Hopkins HIV Report 2007 Jan; 19(1):1-3, 12

Joel E. Gallant, M.D., M.P.H.
Johns Hopkins

New data on antiretroviral therapy were sparse at the 46th ICAAC, held in San Francisco in September. A few of the most important studies are discussed below.

More Data Supporting Earlier Initiation of Therapy

The Abbott 720 trial has been following patients treated with lopinavir/ritonavir (LPV/r) for up to 7 years. Prior presentations of the results from this study have demonstrated excellent virologic durability and impressive CD4 increases. Data presented at ICAAC further assessed the immunologic response to therapy with LPV/r, looking specifically at the effect of baseline CD4 count on CD4 response [King MA, et al. Abstract H-1401]. The authors found that those who started with CD4 counts <50 cells/mm³ experienced continued rises in CD4 count throughout the 7-year period, while those who started with higher CD4 counts reached a plateau at 6-7 years. However, those with lower CD4 counts never “caught up” with patients starting at higher counts. Over 7 years, the mean increase in CD4 count from baseline was 532, 476, and 495 cells/mm³ in those with CD4 counts <50, 50-199, and >200 cells/mm³, respectively.

These results are similar to those seen in the Dutch ATHENA cohort [Gras L, et al. Conf Retroviruses Opportunistic Infect 2006 Feb 5-8;13: Abstract 530] and in the Hopkins cohort [Moore RD, Keruly JC, Clin Infect Dis. 2007 Feb 1;44(3):441-6].

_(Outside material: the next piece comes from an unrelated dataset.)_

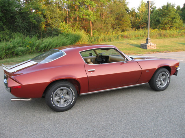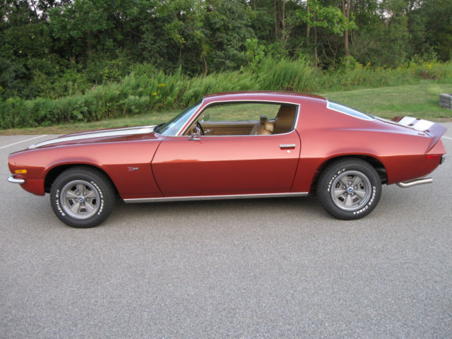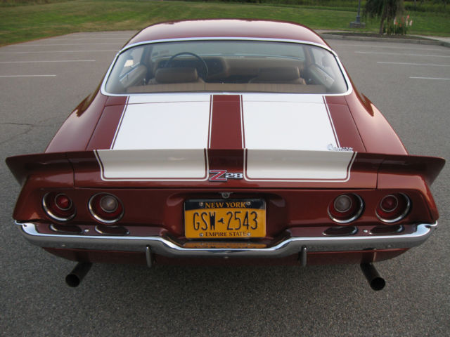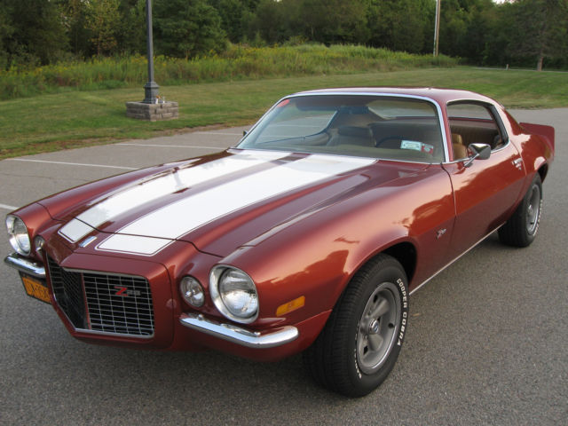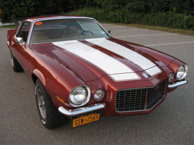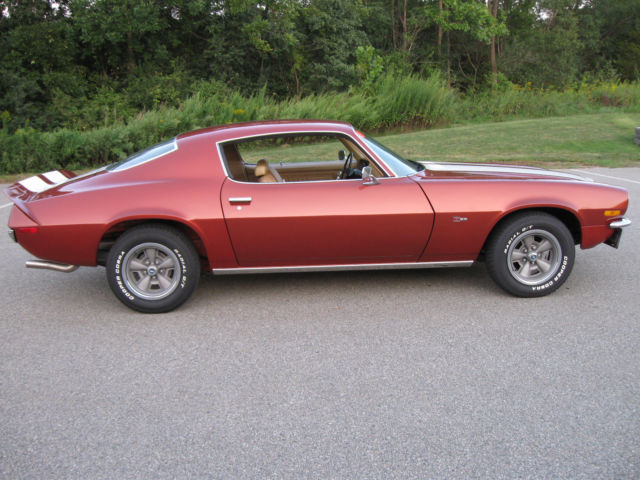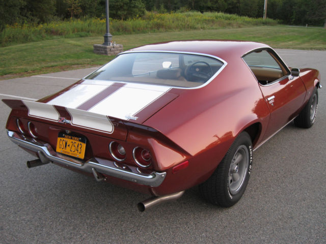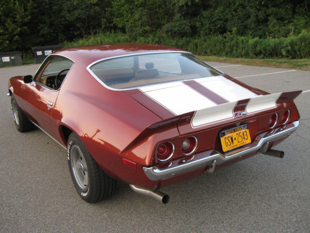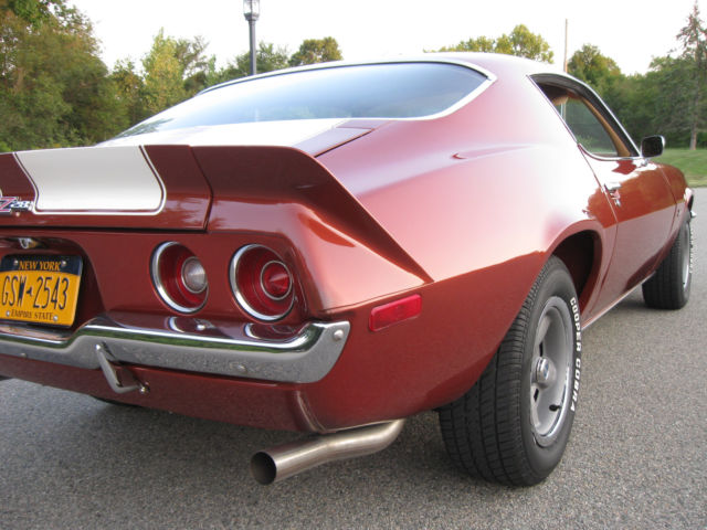 Selling my 1970 Camaro Z28 Rally Sport. This car was restored by the previous owner, finished in 2008. Car has 98,767 miles on the clock. He told me the mileage was original but no other verification of that. Finished in it's original Classic Copper and the standard interior in saddle. I don't know if the drive train is original. Owner said he believed it was but again, not verified. Car runs great, shifts are firm. Believed to have the optional 4:10 gears. Power steering and brakes. Clock was not working when I bought so I replaced it with a reproduction one from OER. After about 5 months that one stopped keeping accurate time though it runs. I have the original clock. Paint is very nice but there's a chip on the driver's door on the edge that was touched up. Also a chip on the edge of the right stripe on the panel in front of the hood that was touched up. The right rear spoiler corner piece looks like it was touched up. The driver's door needs new weatherstripping, it's ripped near the top. Everything works on the car other than the clock not keeping accurate time. Tires are new, have maybe 300 miles on them. I have a spare tire with another matching wheel and a trunk mat. Exhaust system is new also. Car had Flow Masters when I bought it, were too loud for me. Now has a nice sound and 2 1/2 inch stainless steel pipes. Sometimes the trunk lid will not stay up. I have more pictures, including some of the undercarriage. I have described the car to the best of my knowledge and ability. Car is sold as is. No warranties of any kind. I will answer all questions, again to the best of my knowledge and ability. If you're looking for a '70 Z28 you won't find one in this condition at a lower price. Call or text my cell 914 522-7527 from 10 am-8 pm Eastern time or email me at firebrand455@aol.com with questions and/or for more pics. A deposit of $1000 is required within 48 hours after listing ends. Payment by wire transfer is preferred. Inspections are welcome. This car has a transferable registration. Titles are issued for 1973 models and newer in New York.

The latter study, a larger observational cohort study, also demonstrated that differences in CD4 response were associated with differences in clinical outcome, despite virologic suppression. Data were also presented from a Canadian cohort of 299 patients, which found that patients who achieved virologic suppression, but failed to attain a CD4 count above 200 cells/mm³, remained at increased risk of clinical events within the first year of therapy (hazard ratio 3.08, p=0.055) and after the first year of therapy (HR=3.94, p=0.08) [Loutfy MR, et al. Abstract H-1403].

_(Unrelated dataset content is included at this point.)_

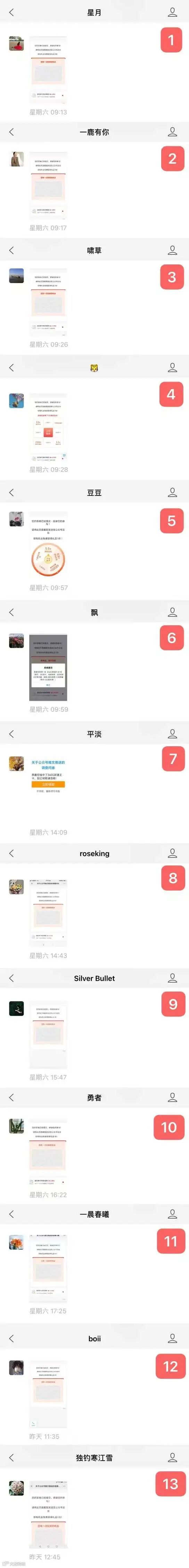 以下是每一位粉丝发送截图的顺序

Data were also presented from the PISCIS cohort, an ongoing, multicenter study of HIV-infected adults treated at 10 Spanish hospitals [Jaen A, et al. Abstract H-1059]. Treatment-naïve patients who initiated treatment prior to the diagnosis of AIDS and who remained on HAART for at least 1 month were included in the analysis. The authors found that patients with lower CD4 counts (<200 or 200-350 cells/mm³ compared to >350 cells/mm³) at the time of initiation were more likely to progress to AIDS or death than those with higher CD4 counts after adjusting for lead time. Factors associated with progression after adjustment for sex, age, and time of initiation included lower CD4 count, higher viral load, and HCV coinfection. Later initiation of therapy (after 2001) was associated with a decreased risk of progression.

Current treatment guidelines recommend therapy for symptomatic patients or patients with AIDS, and recommend consideration of therapy in patients with CD4 counts <350 cells/mm³ or viral loads >100,000 c/mL, though CD4 threshold is generally given more weight than the viral load threshold. The studies discussed here provide further support for earlier initiation of therapy. There is less enthusiasm now for deferring therapy until the CD4 count approaches 200 cells/mm³, and accumulating data suggest that initiating HAART at CD4 counts above 350 cells/mm³ may be beneficial. The question of when to start therapy may become more pressing if the CDC recommendations on routine HIV testing [MMWR Recomm Rep. 2006 Sep 22, 55(RR14);1-17; and “Update from the IDSA 44th Annual Meeting in Toronto” on p4 of this issue] become widely implemented. Routine testing should result in earlier diagnosis, with a larger proportion of newly diagnosed patients having CD4 counts above current guidelines criteria for initiation.

Boosting Fosamprenavir with Less Ritonavir

Pharmacokinetic data have supported the use of fosamprenavir boosted by only 100 mg of ritonavir rather than the approved dose of 200 mg/d, but there have been no clinical data supporting this combination. Kimberly Smith presented preliminary 24-week results from the ALERT study, in which 106 treatment-naïve patients were randomized to receive either atazanavir/ritonavir (ATV/r 300/100 mg QD) or fosamprenavir/ritonavir (FPV/r 1400/100 mg QD) along with tenofovir/ emtricitabine (TDF/FTC) [Abstract H1670a]. Virologic results were virtually overlapping, with 83% of ATV/r-treated patients and 79% of FPV/r-treated patients achieving a viral load below 50 c/mL by intention-to-treat (ITT), missing=failure analysis. By observed data analysis, the results were 88% and 84%, respectively. FPV/r was associated with a greater rise in triglyceride levels; there was a similar, modest rise in total and LDL cholesterol in both arms. As expected, hyperbilirubinemia and jaundice were more common in the ATV/r arm. Treatment-emergent resistance was observed in only one patient, who had baseline amprenavir resistance and developed further PI resistance on FPV/r.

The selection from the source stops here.